It was the most awaited dish at the Le Meridien, Nagpur. After all, I was about to taste Kadaknath, India's only black chicken species and one of just three types across the world. Its cousins—China's Silkie and Indonesia's Ayam Cemani—command astronomical prices and are hailed as 'super-birds' in America.
Kadaknath Saoji chicken is one of the homiest, hearty dishes I have tasted. The bird's skin, meat and bones look like they've been injected with squid ink. While the meat is really flavourful, the surprise element is its toughness. That ruddy flavour of birds raised wild in the countryside. The fiery dish came sans any gimmick, twist or artifice—just exceptionally good meat in a rustic gravy.
Vinod Dhawle, executive chef, and the man behind the many restaurants at the hotel has employed the signature sharpness of the garam masalas to challenge the palate and generate new sensations. The fragrant and freshly made bhakris (hand bread) served alongside are perfect for scooping the plate clean. Back in Mumbai, the black chicken finds a spot on the menu of resto-bar Jlwa in Bandra, Mumbai and at The Oberoi Mumbai.
The feathered Black Beauty
Also known as Kalimasi, Kadaknath has a black beak, bones, feathers and hold your breath, black meat too—thanks to higher melanin content. Considered a premium breed, the meat is priced three times a poultry-bred broiler chicken. A single egg of the Kadaknath costs around Rs 40!
“The price is attributed to the purported health benefits. Once reared exclusively by the tribal communities in Madhya Pradesh, the Kadaknath's meat is highly prized as an aphrodisiacal delicacy. Our guests love the Saoji chicken as the Kadaknath has a peculiar delicious meaty flavour,” explains Dhawle.
The high cost (Rs 1500 per kg) is due to the longer time taken to raise the chicken. While a broiler grows to 2.5 kg in 45 days, the Kadaknath takes six months to attain 1.5 kg weight. Further, the egg’s fertility rate is very low. Its meat has shown to have more protein and less fat and cholesterol. No wonder it’s a hit among health-conscious, affluent and urban foodies.

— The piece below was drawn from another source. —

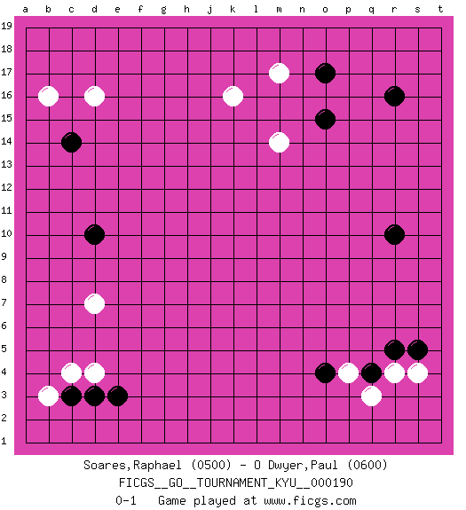 Last move : 0-1 2018 October 20 9:35:39 [Event "FICGS__GO__TOURNAMENT_KYU__000190"] [Site "FICGS"] [Date "2018.09.03"] [Round "1"] [Black "Soares,Raphael"] [White "O Dwyer,Paul"] [Result "0-1"] [Rating 1 "0500"] [Rating 2 "0600"] 1.r16 d4 2.o4 q3 3.q4 r4 4.r5 s4 5.s5 d16 6.r10 k16 7.c14 b16 8.d10 d7 9.o17 m17 10.o15 m14 11.c3 c4 12.d3 b3 13.e3 p4 0-1 This go game has been lost on time (started : 2018.09.03 23:39:58) Here are the names of the openings (joseki) played in the four corners : Corner q4 : o4 q3 Ootakamoku (Chaogao) 6-4 Point. The large takamoku (high) point (6-4), experimented with during the "new fuseki" movement in Japan in the 1930's. This point is seldom played as the initial corner point nowadays. Corner d16 : d16 c14 Hoshi (Hwajeom, Seongjeom, Xingwei`) 4-4 Point. The star or hoshi (4-4) point, emphasizing influence at the potential expense of territory. Ikken Kakari (Hankan Keolch'im, Yi Gua`jiao~, 1-Space Low Approach). Black 2 is the standard approach move to the 4-4. Player White won this Go (weiqi, baduk) game. Follow this game move after move (download)To invade, need 20 points in open area; otherwise, keshi is best. (Yang Yilun, 7p) Have no fear of perfection - you'll never reach it. (Salvador Dali)

Like the jungle fowl, Kadaknath takes a longer time to cook to get tender and is cooked with the skin on a slow fire for at least two hours. “You can also pressure cook it or use a slow dum technique,” says Dhawle. “Kadaknath is best cooked with very little masala, just salt, green chillies, onions and local herbs. It has a unique taste of its own,” says Delhi-based chef and author Ashish Chopra who showcased Kadaknath dishes as a surprise at a festival of lost recipes at the Radisson Blu in Paschim Vihar.
More on black birds
China’s Silkie chicken, another black variety, is sold across the US as a superfood. Then there’s the Indonesian Ayam Cemani, which has earned the moniker of being the 'Lamborghini of poultry'. Why? Because the whole bird sells for $2,500 (around Rs 1.63 lakh) in the US.